Analysis of Coincident Loci for SARS-CoV-2/COVID-19 and Blood Cell Traits
For individual variants previously found to be associated with SARS-CoV-2 infection and COVID-19 severity in large meta-analyses from HGI [33], we assessed whether these signals were coincident with a statistically distinct blood cell trait associated variant. If two loci are coincident, this suggests blood cell abundance could be a putative mediator of the SARS-CoV-2/COVID-19 association. We note that such locus-specific analyses are important even when there is no genome-wide genetic correlation, where differing directions of effect in different regions of the genome could lead to a null genome-wide result [35]. We obtained summary statistics for conditionally independent GWAS significant variants, i.e., distinct variants, from prior GWAS in UKB participants of European ancestry [23]. For each sentinel variant for SARS-CoV-2 infection, COVID-19 severe illness, and hospitalization from the HGI full meta-analysis results, we considered the corresponding sentinel variant from the meta-analyses excluding UKB (column 1 and 2 of Supplementary Table 3). We then assessed coincidence between distinct GWAS variants for blood cell traits from GWAS in UKB and sentinel variants for both SARS-CoV-2 infection and COVID-19 severe illness and hospitalization from the HGI meta-analysis [33], based on LD (Methods). We note that new “freezes” including additional COVID-19 and SARS-CoV-2 cases and controls were released while this paper was in preparation; we performed all analyses with both freeze 5 and freeze 7; these freezes both included the release of summary statistics which excluded UKB, providing an independent set of samples for blood cell vs SARS-Cov-2/COVID-19 genetic analyses.
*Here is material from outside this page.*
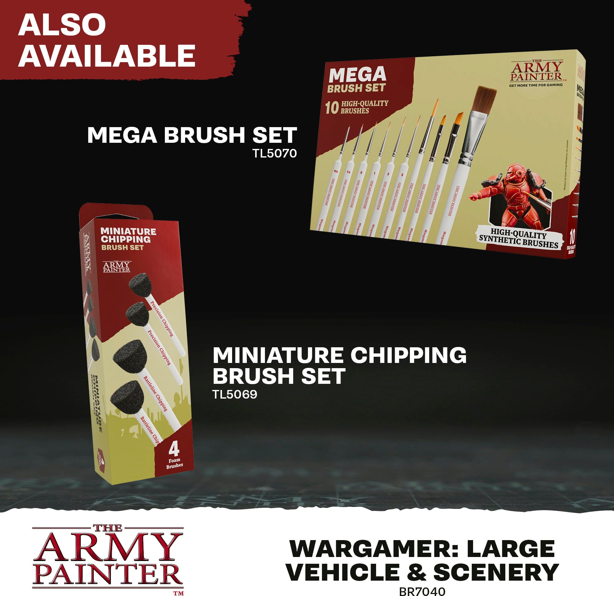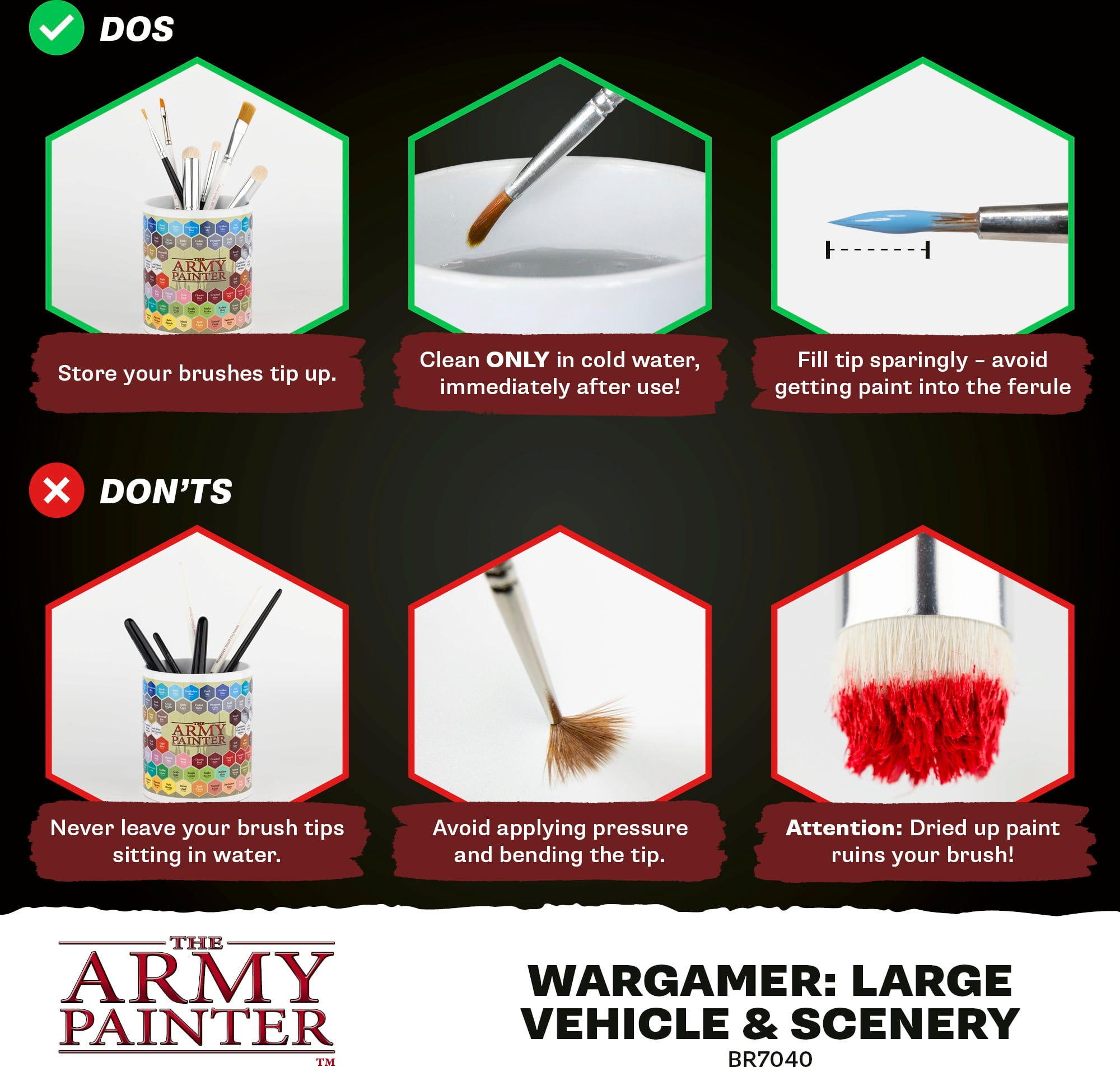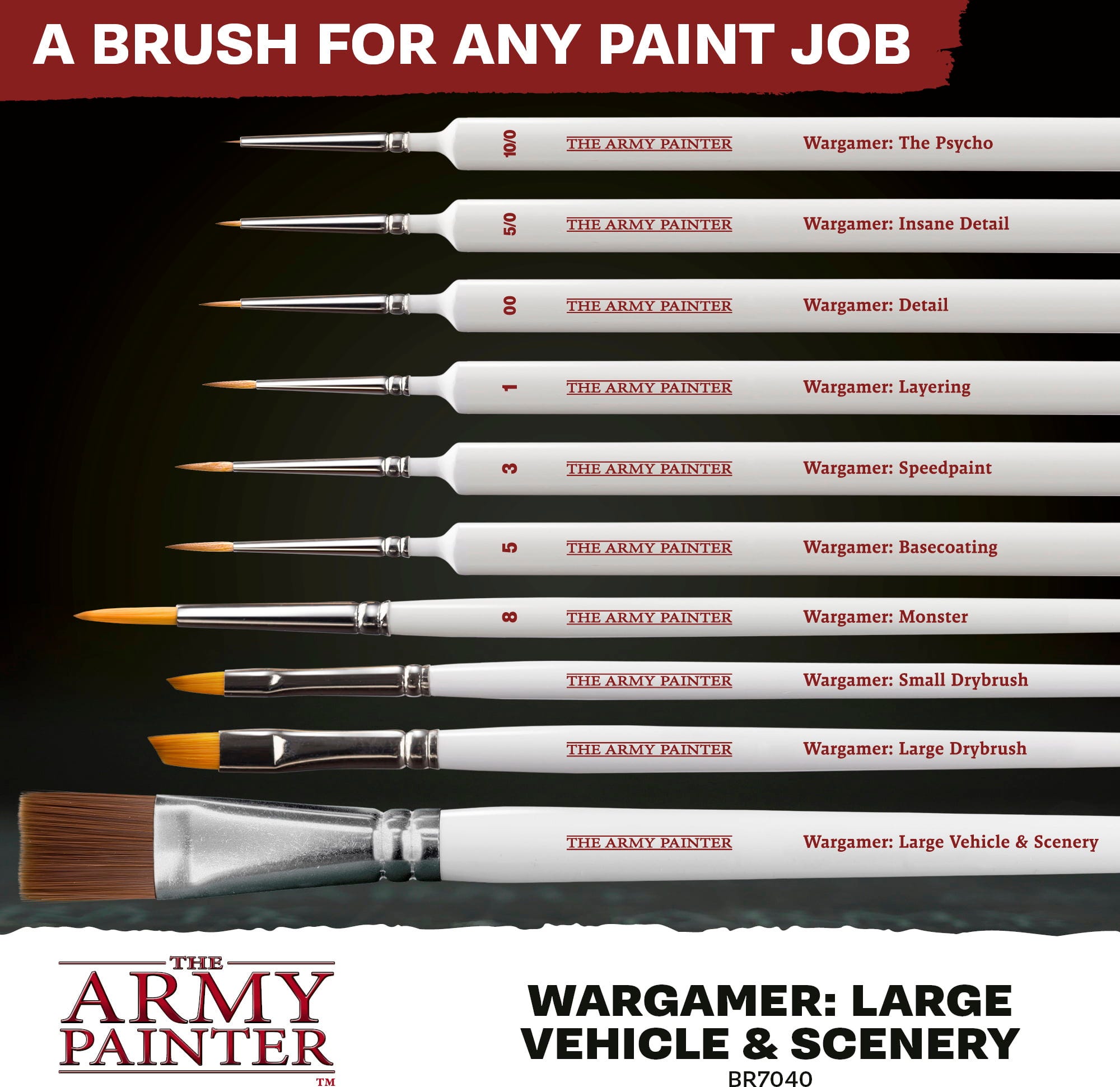 Wargamer Brushes de la The Army Painter stabilesc standarde în pictura miniaturilor. Datorită tehnologiei inovatoare Bionic Bristle din fibre sintetice, aceste pensule sunt concepute special pentru tehnicile moderne de pictură, cum ar fi Speedpaint și aplicațiile One-Coat.

Overall, 17 HGI COVID-19 related sentinel variants in freeze 7 and 3 in freeze 5 were in moderate LD (r2 > 0.6) with ≥1 distinct blood cell trait variant (Supplementary Table 3). We note that all the 3 COVID-19 sentinel variants in freeze 5 were still coincident in freeze 7 at locus level, even if the sentinel variant differed slightly. Of the 17 COVID-19 sentinel variants in freeze 7, 4 are located within highly differentiated regions of the genome with complex patterns of polymorphism, pleiotropy, LD and evolutionary selection (ABO [36, 37] and HLA [38]), which would make analysis of coincident signals difficult to interpret and outside the scope of this manuscript. Therefore, we focus on the remaining COVID-19 sentinel variants based on their associations. We would like to highlight (1) rs34725611 (chr19:10,477,067, TYK2) which was associated with reported infection and overlaps two GWAS signals for neutrophil percentage and lymphocyte count; and (2) rs63750417 (chr17:44060775, MAPT) which was associated with GWAS signals for mean reticulocyte volume and mean sphered cell volume. We also summarize the strength of information linking variants to functional consequences utilizing hematology related functional annotations provided by VAMPIRE [39].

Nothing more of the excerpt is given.